Virtual vs Physical Address

  • &foo produces the virtual address of foo
#include <stdio.h>

int foo(int x) {
    return x+1;
}

int main(void) {
    int x, y;
    int a[2];

    printf("x  is at %p\n", &x);
    printf("y  is at %p\n", &y);
    printf("a[0] is at %p\n", &a[0]);
    printf("a[1] is at %p\n", &a[1]);
    printf("foo  is at %p\n", &foo);
    printf("main is at %p\n", &main);
    return 0;
}

OS and Processes (redux)

  • The OS lets you run multiple applications at once.
  • An application runs within an OS “process.”
  • The OS “timeslices” each CPU between runnable processes.
  • This happens very fast; approximately 100 times per second!

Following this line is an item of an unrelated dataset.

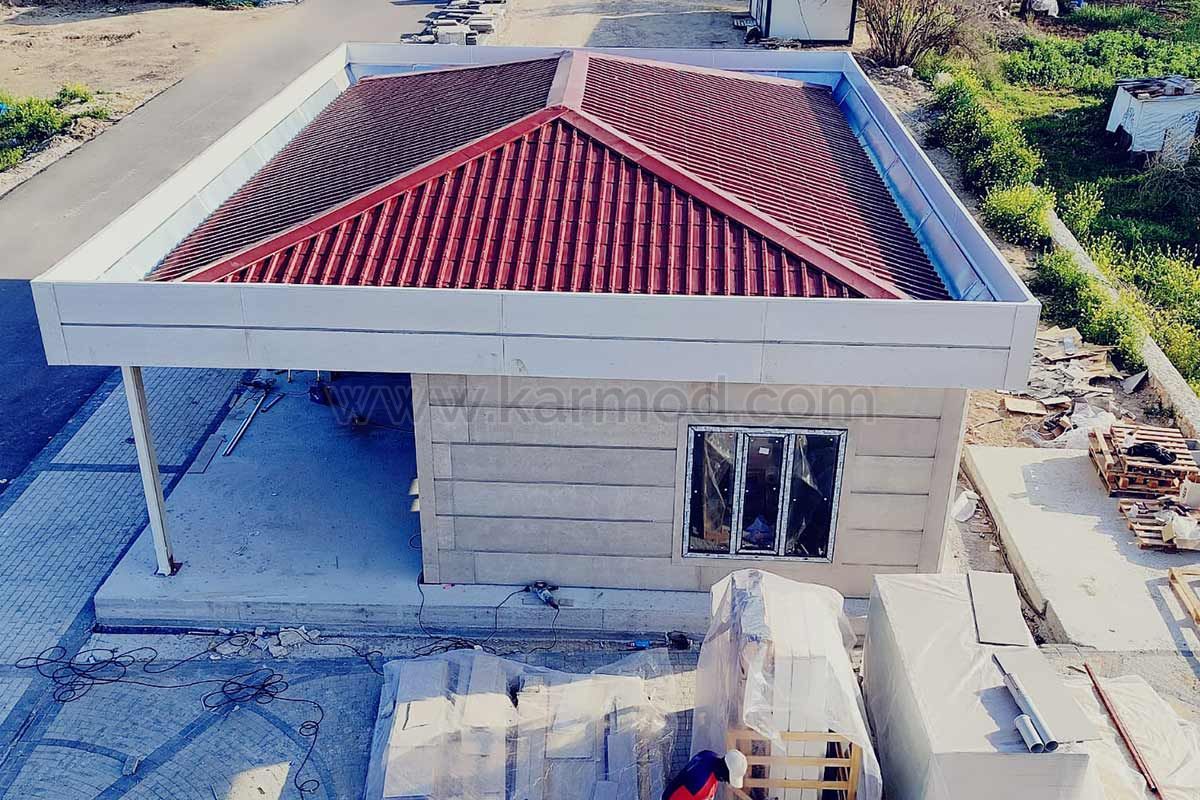 Как и компания Karmod steel house, мы разработали проект одноэтажного дома, который установили на Кипре. Крыша нашей модели дома 2+1 на вилле была изготовлена и применена в парапетной системе. Стеклянная фасадная система была применена на стенах в гостиной.

Processes and Virtual Memory

  • The OS gives each process the illusion of its own, private memory.
    • Called the process’s address space.
    • Contains the process’s virtual memory, visible only to it.
  • 32-bit pointers on 32-bit machines.
  • 64-bit pointers on 64-bit machines.

Loading

  • When the OS loads a program, it:
    • Creates an address space.
    • Inspects the executable file to see what’s in it.
    • (Lazily) copies regions of the file into the right place in the address space.
    • Does any final linking, relocation, or other needed preparation.

Something Curious

  • Let’s try running the addr program several times:
x  is at 0x7fff8ed15588
y  is at 0x7fff8ed1558c
a[0] is at 0x7fff8ed15590
a[1] is at 0x7fff8ed15594
foo is at 0x561785be9169
main is at 0x561785be917c

x  is at 0x7ffe944b1ee8
y  is at 0x7ffe944b1eec
a[0] is at 0x7ffe944b1ef0
a[1] is at 0x7ffe944b1ef4
foo is at 0x5575250db169
main is at 0x5575250db17c

ASLR

  • Linux uses address-space layout randomization for added security.
  • Linux randomizes:
    • Executable code location.
    • Base of the stack.
    • Shared library (mmap) location.
  • Makes stack-based buffer overflow attacks tougher.
  • Makes debugging tougher.
  • Google "disable Linux address space randomization".